野球選手は事業税を払わない

第2条 (目的) 選手がプロフェッショナル野球選手として特殊技能による稼働を球団のために行なうことを、本契約の目的として球団は契約を申し込み、選手はこの申し込みを承諾する。

第3条 (参稼報酬) 球団は選手にたいし、選手の2月1日から11月30日までの間の稼働にたいする参加報酬として金・・・・・・円(消費税及び地方消費税・・・・・・円を含む)を次の方法で支払う。

 

野球を好きな税理士雑談をした。その時に、野球選手は個人事業主で事業税を払っているのかが話題になった。

『事業税とは、事業を行っていることにかかる税金で、事業を行う場合、公共施設を利用するなど、公共サービスの恩恵を受けている、そのための費用の一部分を、事業者が負担するという目的で徴収される』。

 

事業税を徴収するか都税事務所に電話したところ、『野球選手は事業税を払わなくて良いのです』と回答を頂いた。
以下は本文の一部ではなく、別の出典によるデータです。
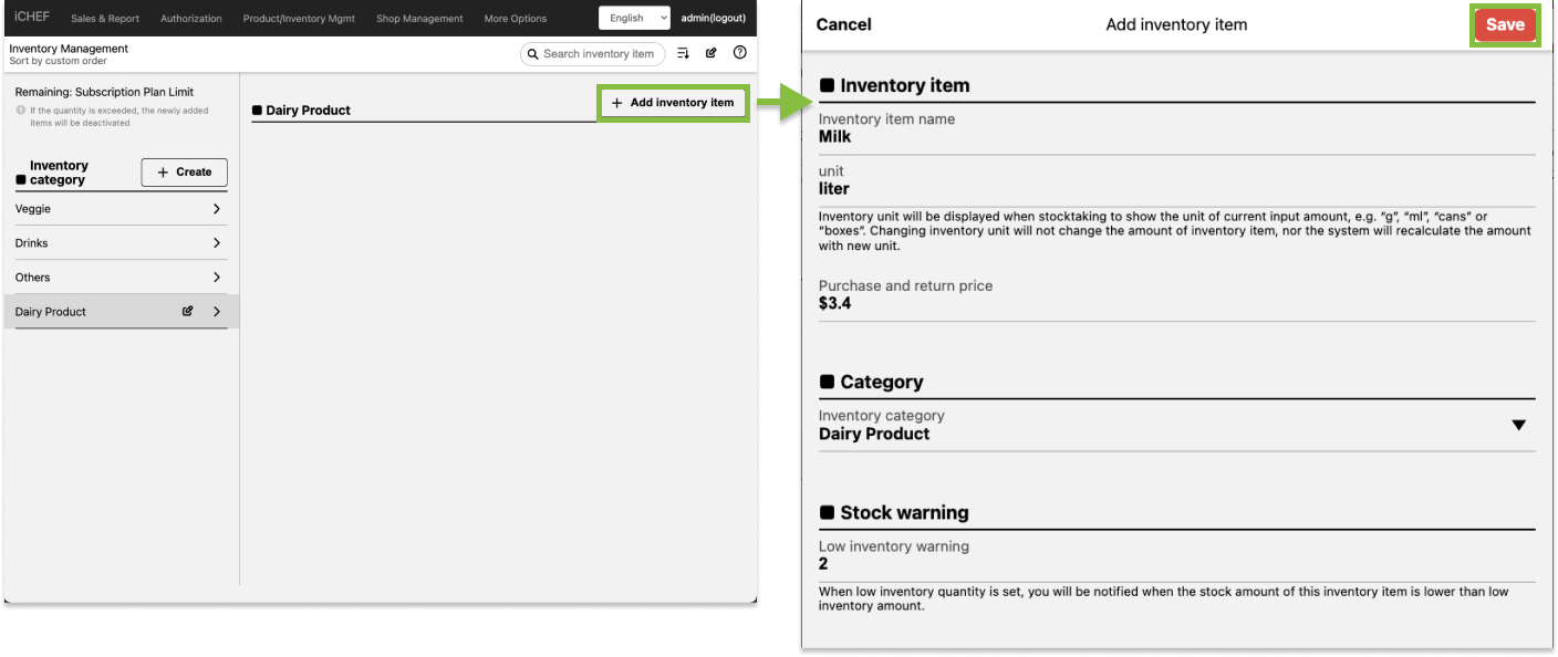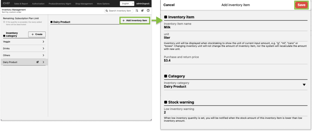 - Fill out item information and click [Save] to complete

野球協約で定義されている球団に参加し得られる『参加報酬』は税制では事業ではないということだ。 野球選手は時速150㎞のボールを投げる技術、バットを一閃し100m以上ボールを飛ばす技術で参加報酬を得ているのだが、この技術を観客の前で披露するために公共のサービスの恩恵を受けてないと解釈されているのだ。

 

そこで、ドラフト指名された場合の契約金とは、球団が野球選手の特殊技術を活用することで得られかもしれない収益に対する報酬ではなく、人間そのものを球団が所有する商品として確保することに対する報酬であるのではないかと思った。

 

野球選手は特殊技術を披露して事業を行う存在ではなく、球団が所有する商品なのである。だから、事業税を払わなくて良いのだ。